# Data for review
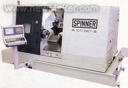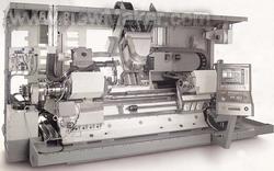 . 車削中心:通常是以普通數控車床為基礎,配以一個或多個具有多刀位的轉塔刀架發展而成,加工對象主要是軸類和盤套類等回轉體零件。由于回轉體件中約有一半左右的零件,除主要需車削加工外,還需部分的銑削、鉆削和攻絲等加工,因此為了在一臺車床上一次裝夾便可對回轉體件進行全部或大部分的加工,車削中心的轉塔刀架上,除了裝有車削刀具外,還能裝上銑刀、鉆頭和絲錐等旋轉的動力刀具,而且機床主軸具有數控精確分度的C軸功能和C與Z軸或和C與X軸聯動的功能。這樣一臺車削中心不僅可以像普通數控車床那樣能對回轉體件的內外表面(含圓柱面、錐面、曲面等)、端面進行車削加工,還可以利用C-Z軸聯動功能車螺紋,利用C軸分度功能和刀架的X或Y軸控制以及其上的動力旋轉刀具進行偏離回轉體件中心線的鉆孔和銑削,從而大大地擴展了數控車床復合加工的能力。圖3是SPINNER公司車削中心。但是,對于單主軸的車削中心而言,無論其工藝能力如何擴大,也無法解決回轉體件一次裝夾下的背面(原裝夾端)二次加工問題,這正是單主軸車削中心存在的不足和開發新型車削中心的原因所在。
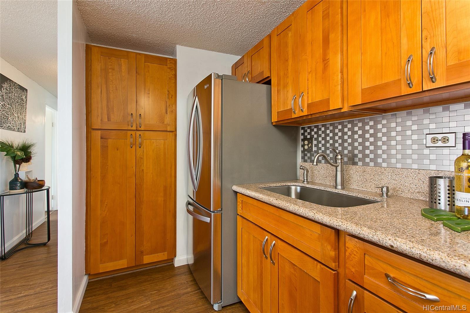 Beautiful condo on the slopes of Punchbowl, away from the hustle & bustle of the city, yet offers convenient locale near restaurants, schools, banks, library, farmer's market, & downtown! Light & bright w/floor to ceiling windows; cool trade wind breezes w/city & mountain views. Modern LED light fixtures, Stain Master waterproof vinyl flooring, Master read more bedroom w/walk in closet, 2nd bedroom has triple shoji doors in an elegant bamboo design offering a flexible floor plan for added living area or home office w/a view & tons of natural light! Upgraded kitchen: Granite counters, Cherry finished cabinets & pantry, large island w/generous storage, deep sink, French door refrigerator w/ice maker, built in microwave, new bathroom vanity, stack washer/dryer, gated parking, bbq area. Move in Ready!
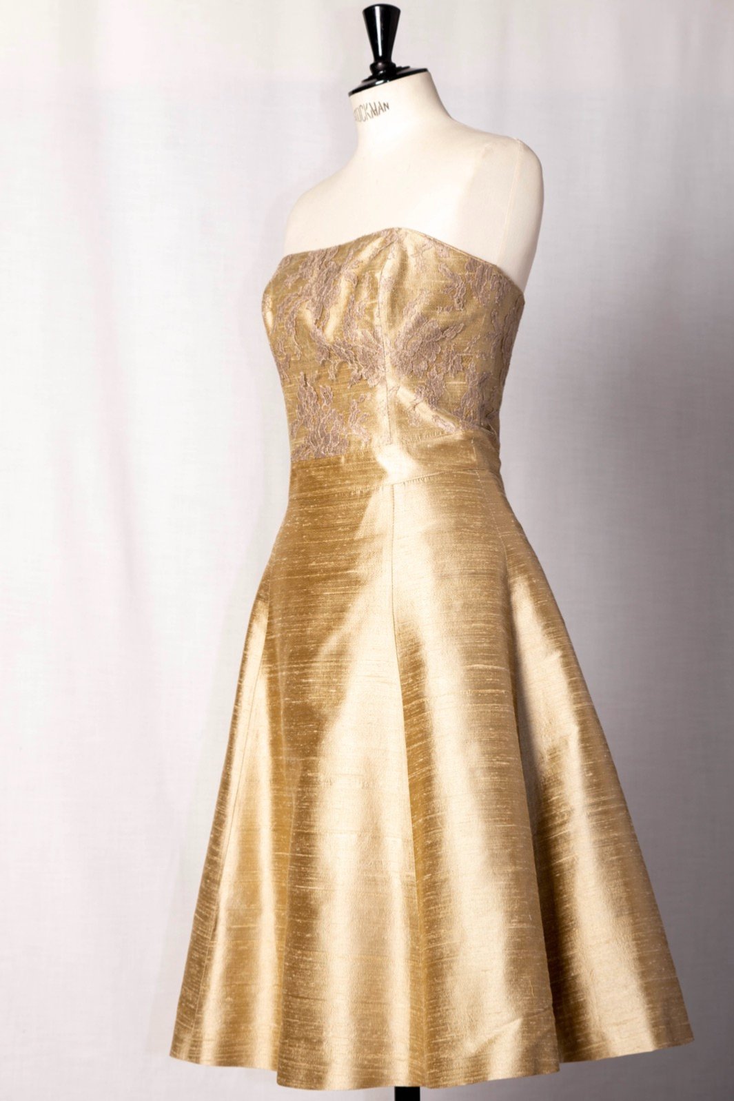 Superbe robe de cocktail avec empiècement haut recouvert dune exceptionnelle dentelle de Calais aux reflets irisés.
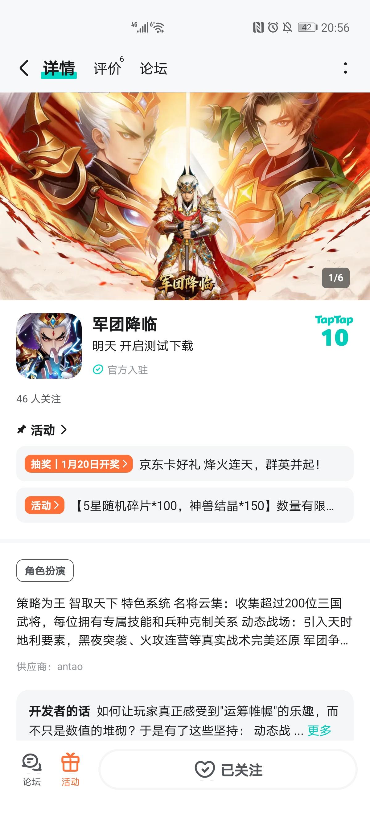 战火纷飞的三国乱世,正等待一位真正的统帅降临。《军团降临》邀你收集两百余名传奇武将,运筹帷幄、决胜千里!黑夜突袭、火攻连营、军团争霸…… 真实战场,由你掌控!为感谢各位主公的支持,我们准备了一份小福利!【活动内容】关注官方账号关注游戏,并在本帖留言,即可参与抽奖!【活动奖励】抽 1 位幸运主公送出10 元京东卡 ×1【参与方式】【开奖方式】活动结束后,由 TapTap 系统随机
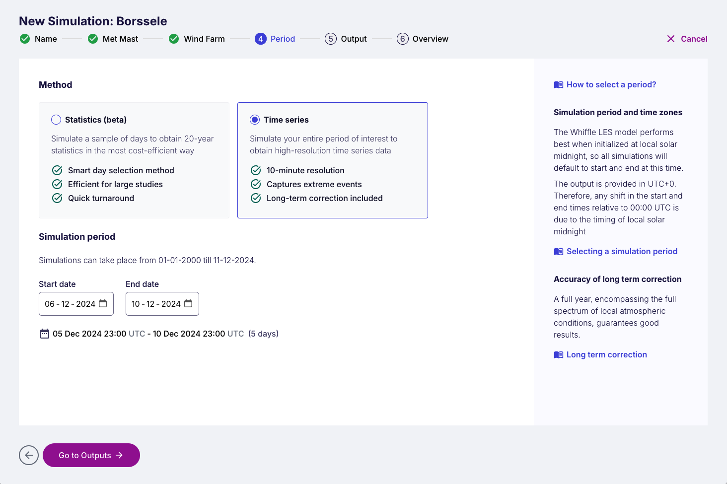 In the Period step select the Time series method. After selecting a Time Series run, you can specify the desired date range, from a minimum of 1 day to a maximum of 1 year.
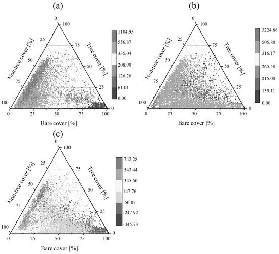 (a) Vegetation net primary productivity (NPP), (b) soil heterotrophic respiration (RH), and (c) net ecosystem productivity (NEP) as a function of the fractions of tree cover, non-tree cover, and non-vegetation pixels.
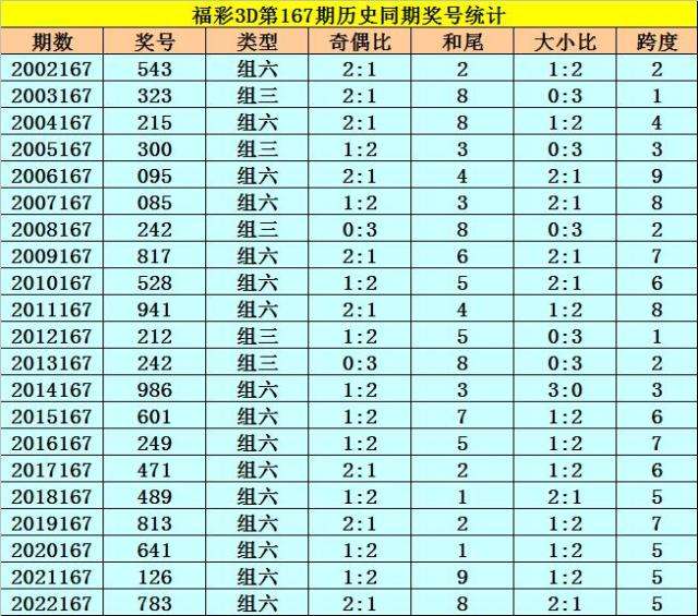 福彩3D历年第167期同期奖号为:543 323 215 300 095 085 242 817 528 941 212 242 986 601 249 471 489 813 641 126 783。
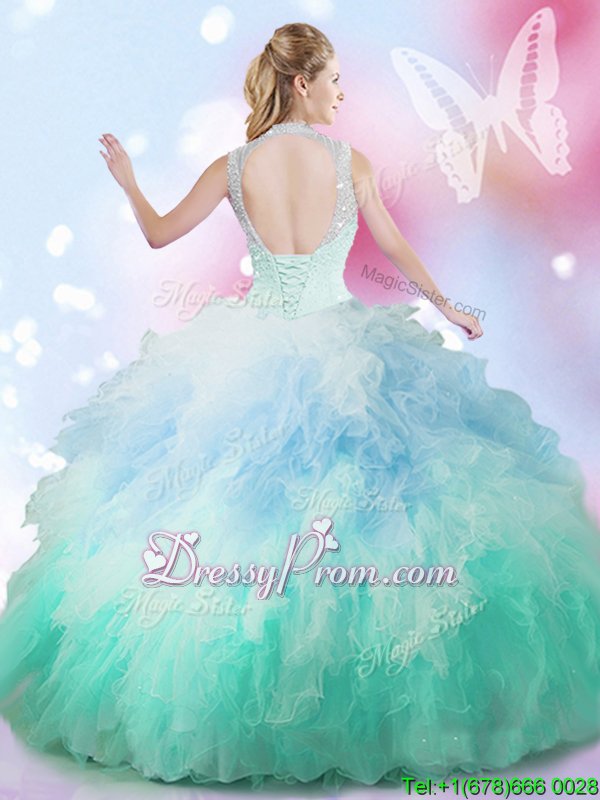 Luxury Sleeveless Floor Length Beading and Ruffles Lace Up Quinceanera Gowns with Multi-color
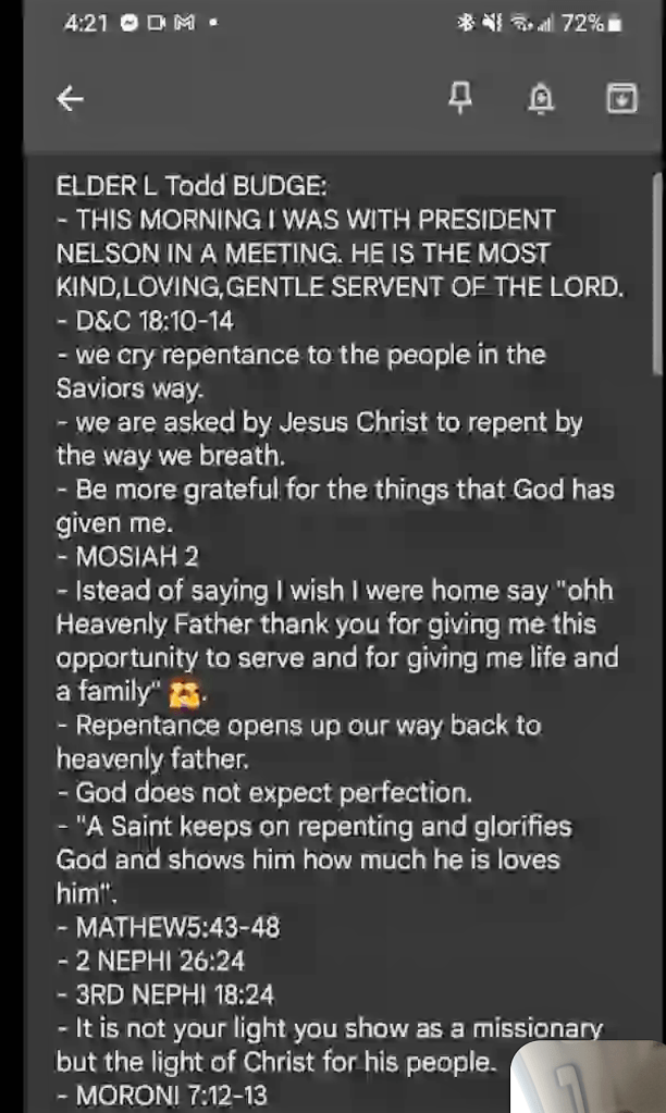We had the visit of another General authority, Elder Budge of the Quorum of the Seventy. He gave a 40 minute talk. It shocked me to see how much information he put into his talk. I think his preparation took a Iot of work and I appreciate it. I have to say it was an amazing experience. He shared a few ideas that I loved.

---

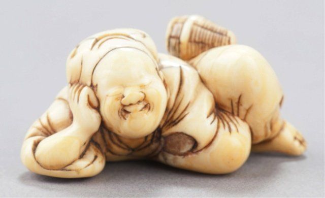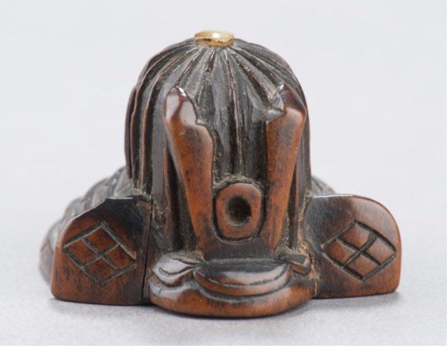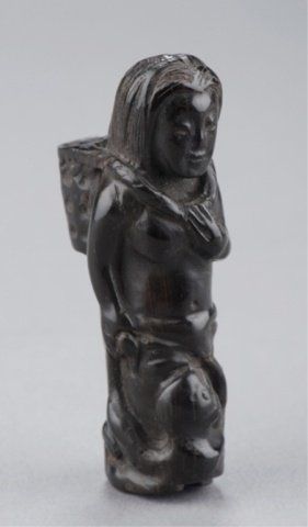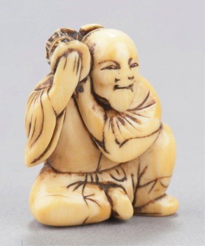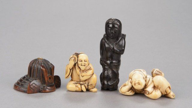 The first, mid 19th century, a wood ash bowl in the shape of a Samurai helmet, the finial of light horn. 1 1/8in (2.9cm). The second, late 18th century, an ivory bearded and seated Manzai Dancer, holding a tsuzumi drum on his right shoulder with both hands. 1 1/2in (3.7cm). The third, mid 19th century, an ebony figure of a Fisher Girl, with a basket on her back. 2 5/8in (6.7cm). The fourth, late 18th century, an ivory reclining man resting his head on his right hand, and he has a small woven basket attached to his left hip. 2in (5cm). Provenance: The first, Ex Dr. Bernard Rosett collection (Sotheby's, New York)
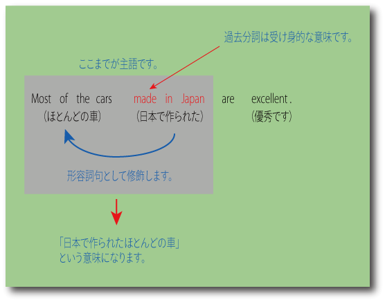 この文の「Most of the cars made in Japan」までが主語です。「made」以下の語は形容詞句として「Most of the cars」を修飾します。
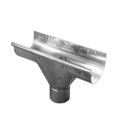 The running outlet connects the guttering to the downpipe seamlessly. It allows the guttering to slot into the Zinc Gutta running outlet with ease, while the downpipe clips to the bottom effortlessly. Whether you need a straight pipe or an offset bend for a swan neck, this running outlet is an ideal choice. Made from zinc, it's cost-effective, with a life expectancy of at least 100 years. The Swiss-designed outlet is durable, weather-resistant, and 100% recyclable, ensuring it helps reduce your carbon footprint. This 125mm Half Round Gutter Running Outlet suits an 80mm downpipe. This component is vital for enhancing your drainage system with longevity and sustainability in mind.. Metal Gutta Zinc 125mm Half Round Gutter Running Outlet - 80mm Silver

---

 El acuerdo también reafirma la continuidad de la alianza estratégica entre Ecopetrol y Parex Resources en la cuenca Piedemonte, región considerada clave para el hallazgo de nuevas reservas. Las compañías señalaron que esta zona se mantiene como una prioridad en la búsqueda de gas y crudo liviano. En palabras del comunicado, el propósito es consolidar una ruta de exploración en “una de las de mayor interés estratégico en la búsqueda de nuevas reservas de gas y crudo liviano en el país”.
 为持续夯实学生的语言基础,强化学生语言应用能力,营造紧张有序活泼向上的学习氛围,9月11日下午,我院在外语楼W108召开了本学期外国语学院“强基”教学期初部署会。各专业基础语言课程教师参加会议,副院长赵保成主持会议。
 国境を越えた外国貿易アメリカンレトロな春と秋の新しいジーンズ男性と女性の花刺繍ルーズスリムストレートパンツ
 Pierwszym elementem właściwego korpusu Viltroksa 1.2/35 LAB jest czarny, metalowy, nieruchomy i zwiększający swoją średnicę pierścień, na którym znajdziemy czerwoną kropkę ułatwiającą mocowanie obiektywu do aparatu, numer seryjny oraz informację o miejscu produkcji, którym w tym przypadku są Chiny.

# Work to complete
Quote the lines above exactly, starting with the one that has "In the Period" and ending with the one that has "We had the visit"; drop the pictures and include nothing else.

# Answer box
 In the Period step select the Time series method. After selecting a Time Series run, you can specify the desired date range, from a minimum of 1 day to a maximum of 1 year.
 (a) Vegetation net primary productivity (NPP), (b) soil heterotrophic respiration (RH), and (c) net ecosystem productivity (NEP) as a function of the fractions of tree cover, non-tree cover, and non-vegetation pixels.
 福彩3D历年第167期同期奖号为:543 323 215 300 095 085 242 817 528 941 212 242 986 601 249 471 489 813 641 126 783。
 Luxury Sleeveless Floor Length Beading and Ruffles Lace Up Quinceanera Gowns with Multi-color
We had the visit of another General authority, Elder Budge of the Quorum of the Seventy. He gave a 40 minute talk. It shocked me to see how much information he put into his talk. I think his preparation took a Iot of work and I appreciate it. I have to say it was an amazing experience. He shared a few ideas that I loved.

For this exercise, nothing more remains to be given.